上述方案中,变压器油中溶解的气体含量和变压器油温在一定程度上可以反映变压器绝缘老化或故障的程度,因此将变压器油中溶解的气体含量和变压器油温纳入变压器本体参量的选择范围。In the above scheme, the dissolved gas content in the transformer oil and the transformer oil temperature can reflect the degree of transformer insulation aging or failure to a certain extent. Therefore, the dissolved gas content in the transformer oil and the transformer oil temperature are included in the selection range of the transformer body parameters.
更进一步地,上述基于果蝇算法优化的变压器状态参量数据预测方法中,所述变电站环境参量包括气温、地面湿度、相对湿度、平均风速中的一种或多种。Further, in the above-mentioned method for predicting transformer state parameter data based on fruit fly algorithm optimization, the substation environmental parameters include one or more of air temperature, ground humidity, relative humidity, and average wind speed.

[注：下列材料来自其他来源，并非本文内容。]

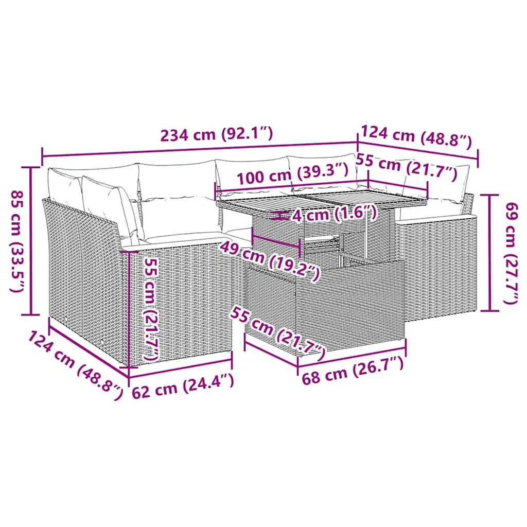 This 6-piece garden sofa set mixes modern style with practicality, making it perfect for a comfy outdoor lounge. Made from tough materials, it has a sleek black poly rattan finish that matches the solid acacia wood table, offering both comfort and good looks for parties or relaxing evenings outside. Flexible Modular Layout: The modular design can be easily reconfigured, making it ideal for any size gathering or outdoor layout, enhancing your garden experience.Generous Seating: Designed to seat up to six people, perfect for family gatherings, parties or just chilling with friends in a comfy environment.Durable with Storage Options: Each piece has built-in storage, a smart way to keep cushions and outdoor essentials safe and dry. Keep everything tidy and organized.UV and Water Resistant: Materials are made to withstand tough outdoor conditions, ensuring long-lasting beauty and function. Enjoy knowing your furniture stands up to sun and rain.Sophisticated Look: The mix of smooth textures in synthetic poly rattan and acacia wood adds a classy touch to any outdoor setup. This stylish set meets practical needs and lifts the vibe of your garden or patio.
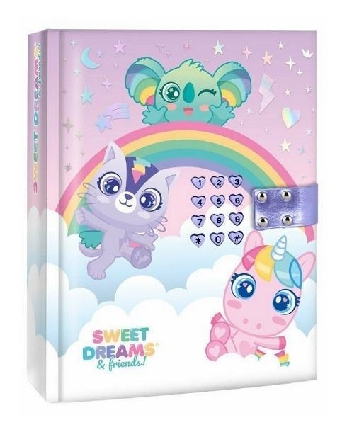 Gotowa na przechowywanie swoich sekretów w magicznym miejscu? Ten sekretny pamiętnik od Sweet Dreams & Friends to idealne miejsce do pisania i rysowania, co tylko chcesz, bez obawy, że ktoś się o tym dowie.Dzięki tajnemu zamkowi szyfrowemu tylko Ty będziesz mieć dostęp do swoich najbardziej wyjątkowych myśli i przygód. Chronione przez magię naszego jednorożca i jego przyjaciół, twoje sekrety zawsze będą bezpieczne i pełne magii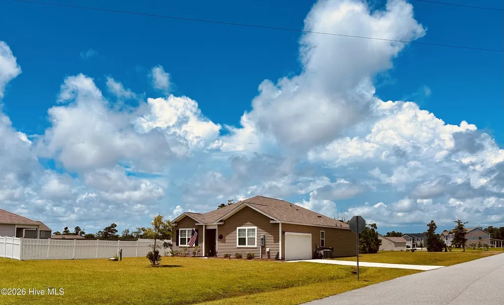 Welcome to River East community! This beautifully maintained single-story home showcases the popular Cali floor plan, offering 4 bedrooms and 2 bathrooms in a thoughtfully designed layout. An open-concept living area seamlessly connects to the modern kitchen, featuring stainless steel appliances-including a smooth-top electric range, microwave, dishwasher, granite countertops, refrigerator-and a spacious kitchen island perfect for meal prep and casual dining. At the front of the home, you'll find three bedrooms and a shared full bathroom, 9 foot ceilings throughout. The private Primary Suite, tucked away off the living area, boasts an ensuite bath with dual vanities, a walk in shower, and a generous walk in closet. Designed for both style and functionality, this home includes quality finishes throughout, making it an ideal choice for those seeking a modern ranch-style residence. The inviting living room provides the perfect gathering space for family and friends, while large windows bring in abundant natural light. Step outside to enjoy the screened in patio and a very spacious backyard, perfect for outdoor activities and entertaining. Located just minutes from the pristine beaches of Emerald Isle, this home offers a rare combination of comfort, convenience, and coastal charm. Its central location provides easy access to Cherry Point, Camp Lejeune, Fort Macon, and the Coast Guard Station.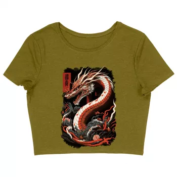 Chinese Dragon Women's Cropped T-Shirt - Illustration Crop Top - Cool Design Cropped Tee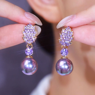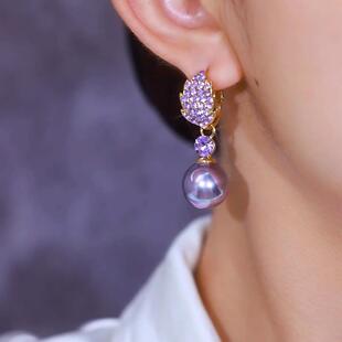 MEILAIFUREN紫色满钻树叶珍珠耳环女高奢定制气质银针耳饰耳坠女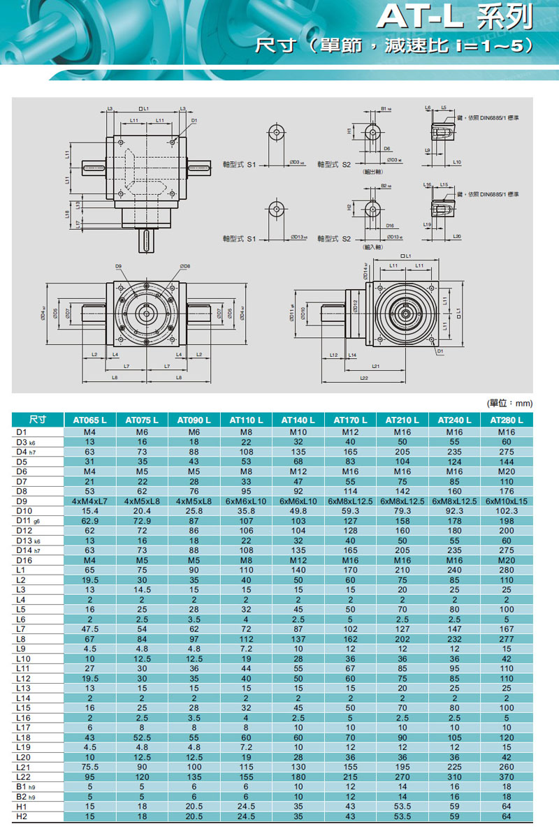 AT065-L,AT075-L,AT090-L,AT110-L,AT140-L,AT170-L,AT210-L,伺服專用減速機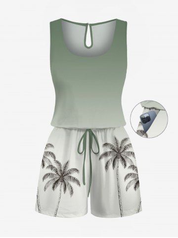 Plus Size Coconut Tree Ombre Print Cinched Hawaii Romper - Light Green - 6x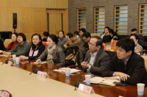 彭龙指出,习近平总书记在党的十九大报告中,特别强调要加强和改进思想政治工作。全国高校思想政治工作会议召开之后,教育部党组进行系统部署,思想政治理论课的质量和水平有了较大提升。北外全体同志要从讲政治的高度,进一步重视思想政治理论课建设,学校党委和各党总支要牢牢掌握意识形态工作领导权、管理权、话语权和主动权,各院系负责人要把好政治方向和价值取向,全体教师都要做到胸怀大局,强化阵地意识,立足学校学科特色,发挥语种建设和国别与区域研究优势,结合国情和学生思想实际,做到因势利导,实现高水平课堂建设。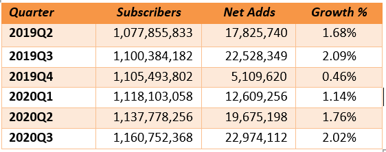 截止到2020年第三季度,寬帶固定寬帶用戶的季度增長率繼續(xù)上升,達到2%,連接數(shù)達到11.6億。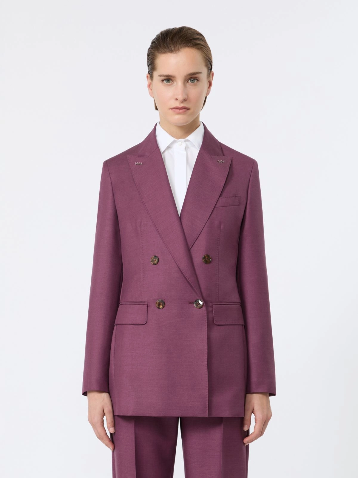 Wool, mohair and silk double-breasted blazer - Wine-coloured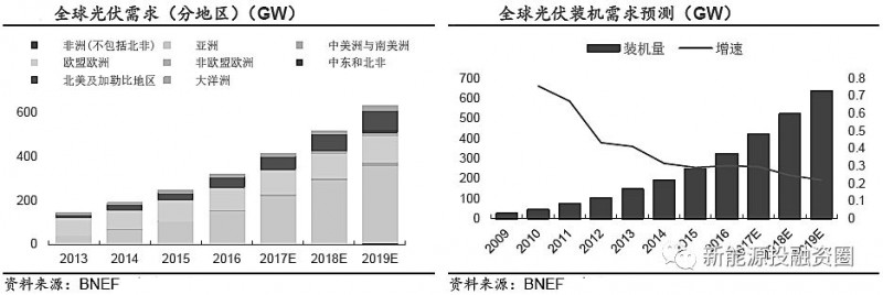 新興國家未來幾年光伏將迎來上升期,地理?xiàng)l件、政策支持將使裝機(jī)需求增幅較大。但總體量上對(duì)全球影響還是很小。2018 年全球裝機(jī)增加仍主要依靠中國、印度等光伏大國。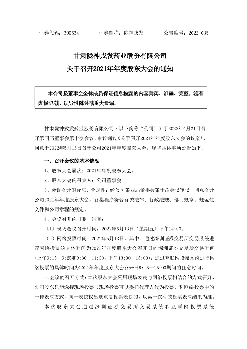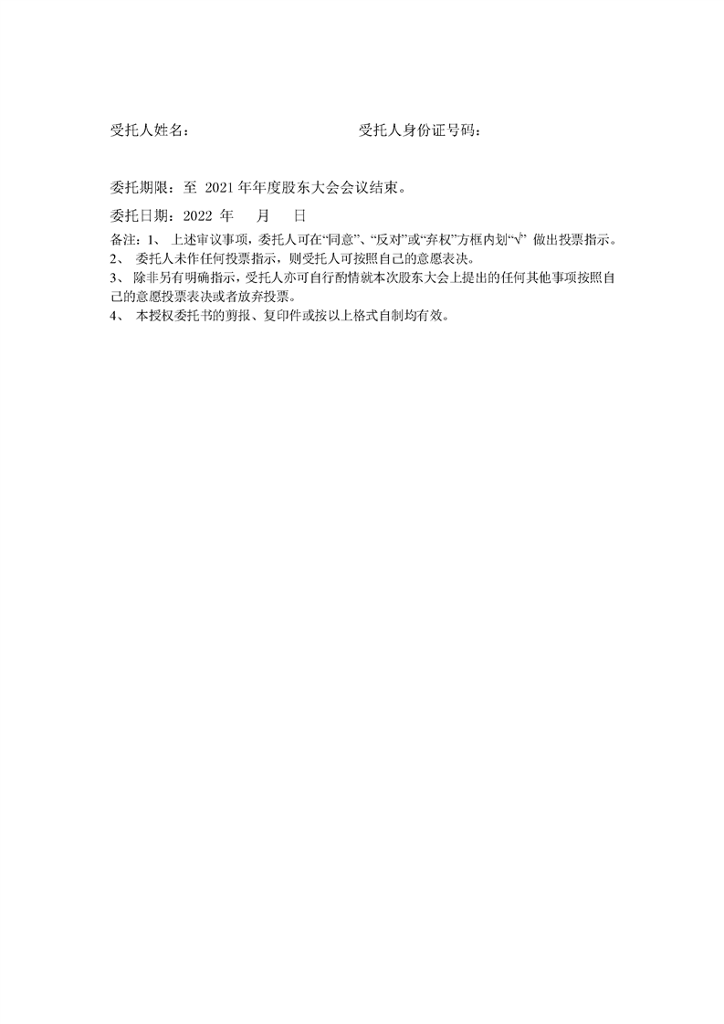 關(guān)于召開(kāi)2021年年度股東大會(huì)的通知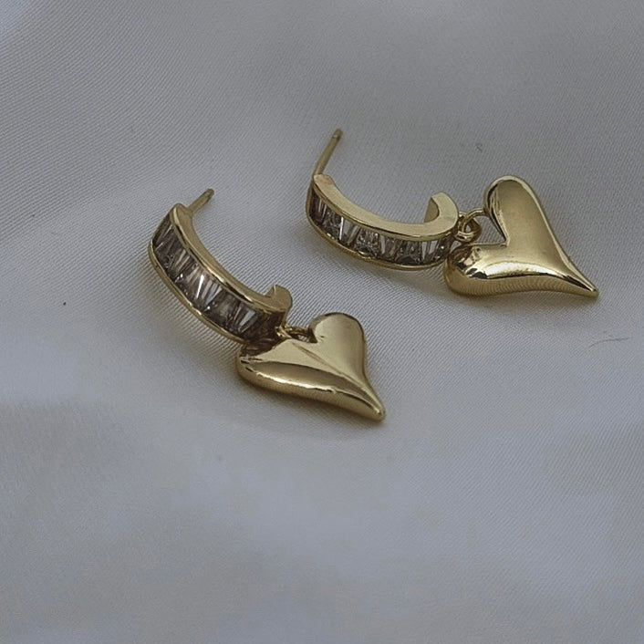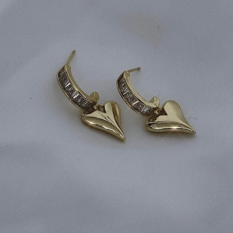 עגילי חצי חישוק משובץ עדין עם תליון לב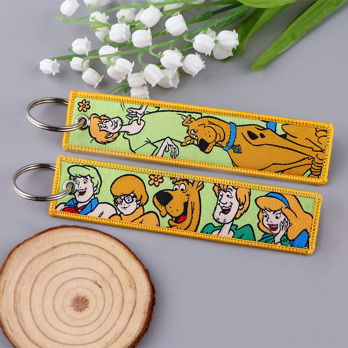 - Nostalgic Designs: Celebrate your favorite cartoon characters with beautifully embroidered artwork that stands out. Keychains include themes like the Scooby-Doo gang, retro robots, humorous stick figures, and action-packed dinosaurs and warriors.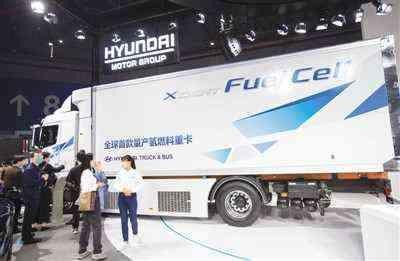 11月6日,第三屆進(jìn)博會(huì)汽車展區(qū),現(xiàn)代汽車展示的全球首款量產(chǎn)氫燃料電池重卡受到參觀者關(guān)注。 |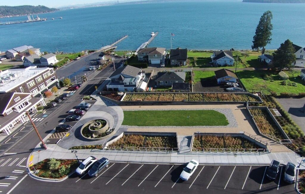 Other project elements include a new 36-inch diameter outfall, a new public pier, and beach restoration. Over 1 mile of urban arterial streets were also reconstructed into complete streets with green stormwater infrastructure. The project was funded by a combination of local funds and state grants, and included extensive work with Ecology for approval of the innovative stormwater park treatment system as well as outreach with the affected community.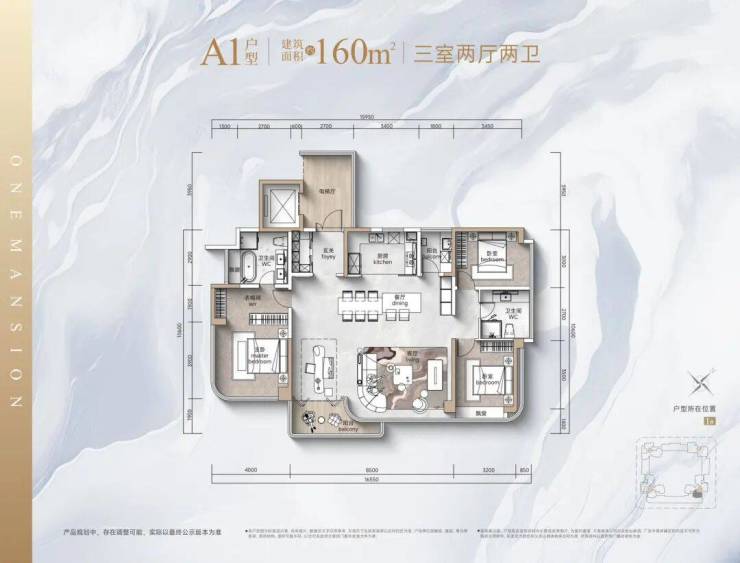 160㎡有横厅和竖厅两个版本,同时,有且仅有一个面积不大的室外阳台。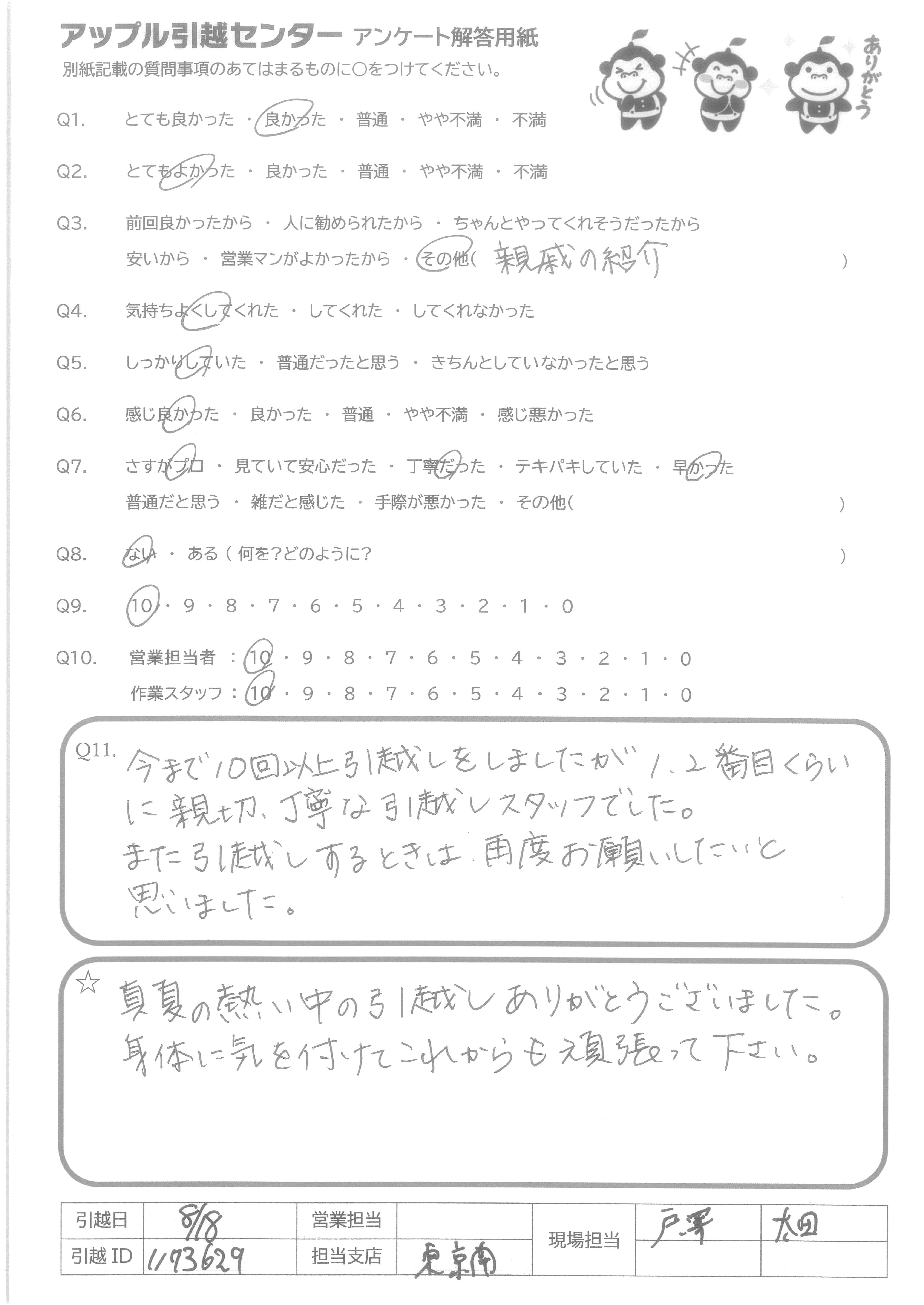 A.真夏の熱い中の引越しありがとうございました。。 身体に気をつけてこれからも頑張ってください。
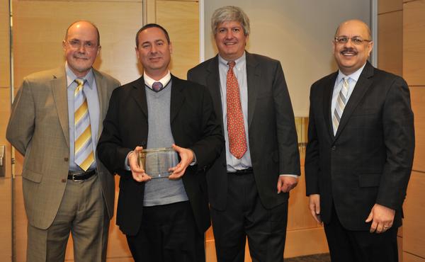 Martin Benjamin with high-ranking officials at the White House Big Data Event, "Data to Knowledge to Action", in Washington D.C., November 2013. Here he is receiving recognition in the context of the federal research program "Networking and Information Technology Research and Development".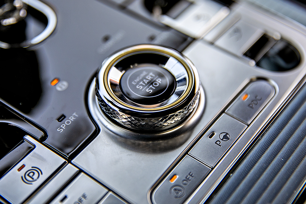 “一键启动”饰面采用非常精密处理,灵感源自瑞士自动机械表表面,官方称之为“日内瓦波纹”,这个技术同样是首次应有在汽车产品上,在厚度仅有0.6毫米的铝片上从一侧到另一侧加工线形图案。每行纹路仅有5毫米宽,在一定角度下,形成真正的三维表面效果。

上述方案中,气温、地面湿度、相对湿度、平均风速等因素会对变压器的性能造成影响,被认为是变压器状态的相关因素,因此将气温、地面湿度、相对湿度、平均风速等因素纳入变压器本体参量的选择范围。In the above scheme, factors such as temperature, ground humidity, relative humidity, and average wind speed will affect the performance of the transformer and are considered to be related factors of the transformer state. Therefore, factors such as temperature, ground humidity, relative humidity, and average wind speed are included in the transformer body. Parameter selection range.
更进一步地,上述基于果蝇算法优化的变压器状态参量数据预测方法中,所述变压器油中溶解的气体包括H2、CO、CH4、C2H2、C2H4、C2H6中的一种或多种。Further, in the above-mentioned method for predicting transformer state parameter data based on Drosophila algorithm optimization, the gas dissolved in the transformer oil includes H2 , CO, CH4 , C2 H2 , C2 H4 , C2 H6 one or more of.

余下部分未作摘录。